- _ABOUT THIS TASK_:
Each line from the one that holds "当前位置: 首页 >山西省大同市纹身店-精雕纹刺纹身图案>素玫瑰纹身图片_腿部新传统点刺素花纹身图案" to the end of the records is to be retyped exactly. Pictures are not part of the copy.

- _SUPPLIED RECORDS_:
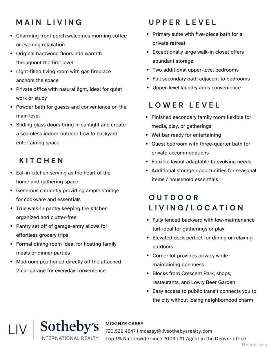 Positioned on a corner lot in the heart of Lowry, 7303 East 8th Place combines a thoughtful floorplan with a sense of openness and intentional living. Hardwood floors guide you through the living and dining areas into an eat-in kitchen that anchors the home. Generous cabinetry, a true walk-in pantry, and space to gather around the table make the kitchen both practical and inviting. A gas fireplace adds warmth to the living area, while sliding glass doors open to a fully fenced backyard with low-maintenance turf and an elevated deck ideal for outdoor dining or relaxed gatherings. A sunny front office and powder bath complete the main floor. Upstairs, three bedrooms are arranged for both privacy and function, led by a spacious primary suite with a five-piece bath and a generous walk-in closet. Two additional bedrooms share a full bath, and upper-level laundry adds everyday convenience. The finished basement expands living space with a secondary family room, fully plumbed wet bar, bedroom, and three-quarter bath, offering from game days to guests. Additional highlights include an attached two-car garage with overhead storage and a mudroom drop zone adjacent to the pantry. Carefully maintained and freshly painted in 2025, this home sits just blocks from Crescent Park, the Lowry Beer Garden, shops, and restaurants. Its location offers convenient access to public transit, combining the character of one of Denver’s most established neighborhoods with everyday ease.
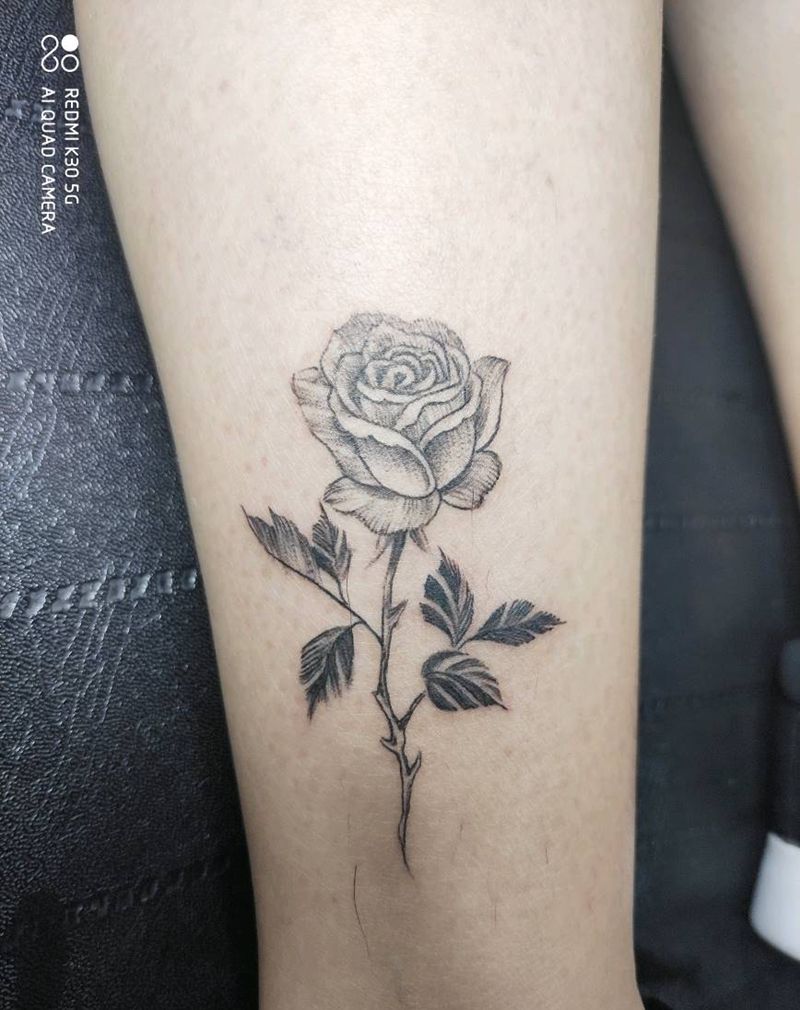 当前位置: 首页 >山西省大同市纹身店-精雕纹刺纹身图案>素玫瑰纹身图片_腿部新传统点刺素花纹身图案
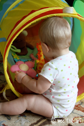 I love those tunnels. And they collaspe to nothing for storage! Must admit my cats like it every bit as much as my son, who is also 9 months old now too. Little Lady is so adorable. That top photo looks like it was done at a studio. Welcome back.
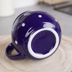 Elegantna šalica u navy nijansi s bijelim točkicama odlično upotpunjuje svakodnevno posluživanje. Njen manji volumen od 200 ml razveselit će ljubitelje manjih porcija napitaka, a oblik „bačvice” izvrsno leži u ruci. Prikladna za vruće napitke – od jutarnje kave, preko biljnih čajeva, do zimskog kuhanog vina.
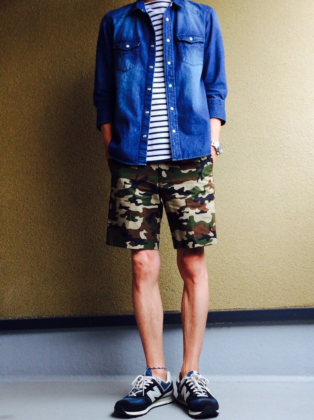 カモフラとボーダーって柄×柄やのに、何か合うなー。 膝上ショーツ抵抗なくなってきたけど、座ると太ももが露わになるのが^_^;笑 真っ白のスニーカーが欲しい!
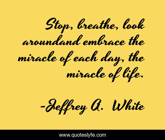 "Jeffrey A. White Quotes." Quoteslyfe.com, 2025. Sat. 06 Dec. 2025. <https://www.quoteslyfe.com/quote/Stop-breathe-look-aroundand-embrace-the-miracle-185773>.
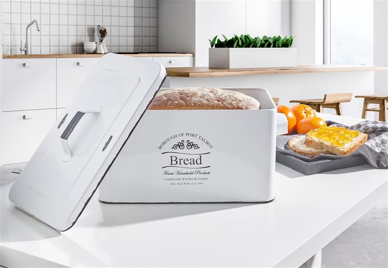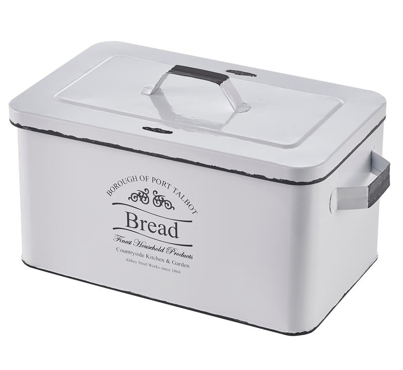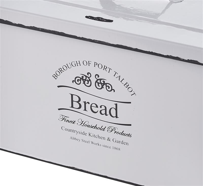 Durch die Form und der zweifarbigen Lackierung (weiß & grau-schwarz) kommt der trendige Retro / Vintage Look zu Stande und fügt sich so perfekt in Ihre Kücheneinrichtung ein. Abgerundet wird der antike Look mit dem schwarzen Aufdruck „BREAD“ auf der Vorderseite. Nicht zuletzt unterstützen auch die kantigen Griffe diesen trendigen Look.

- _ANSWER TO THE PROBLEM_:
 当前位置: 首页 >山西省大同市纹身店-精雕纹刺纹身图案>素玫瑰纹身图片_腿部新传统点刺素花纹身图案
 I love those tunnels. And they collaspe to nothing for storage! Must admit my cats like it every bit as much as my son, who is also 9 months old now too. Little Lady is so adorable. That top photo looks like it was done at a studio. Welcome back.
 Elegantna šalica u navy nijansi s bijelim točkicama odlično upotpunjuje svakodnevno posluživanje. Njen manji volumen od 200 ml razveselit će ljubitelje manjih porcija napitaka, a oblik „bačvice” izvrsno leži u ruci. Prikladna za vruće napitke – od jutarnje kave, preko biljnih čajeva, do zimskog kuhanog vina.
 カモフラとボーダーって柄×柄やのに、何か合うなー。 膝上ショーツ抵抗なくなってきたけど、座ると太ももが露わになるのが^_^;笑 真っ白のスニーカーが欲しい!
 "Jeffrey A. White Quotes." Quoteslyfe.com, 2025. Sat. 06 Dec. 2025. <https://www.quoteslyfe.com/quote/Stop-breathe-look-aroundand-embrace-the-miracle-185773>.
 Durch die Form und der zweifarbigen Lackierung (weiß & grau-schwarz) kommt der trendige Retro / Vintage Look zu Stande und fügt sich so perfekt in Ihre Kücheneinrichtung ein. Abgerundet wird der antike Look mit dem schwarzen Aufdruck „BREAD“ auf der Vorderseite. Nicht zuletzt unterstützen auch die kantigen Griffe diesen trendigen Look.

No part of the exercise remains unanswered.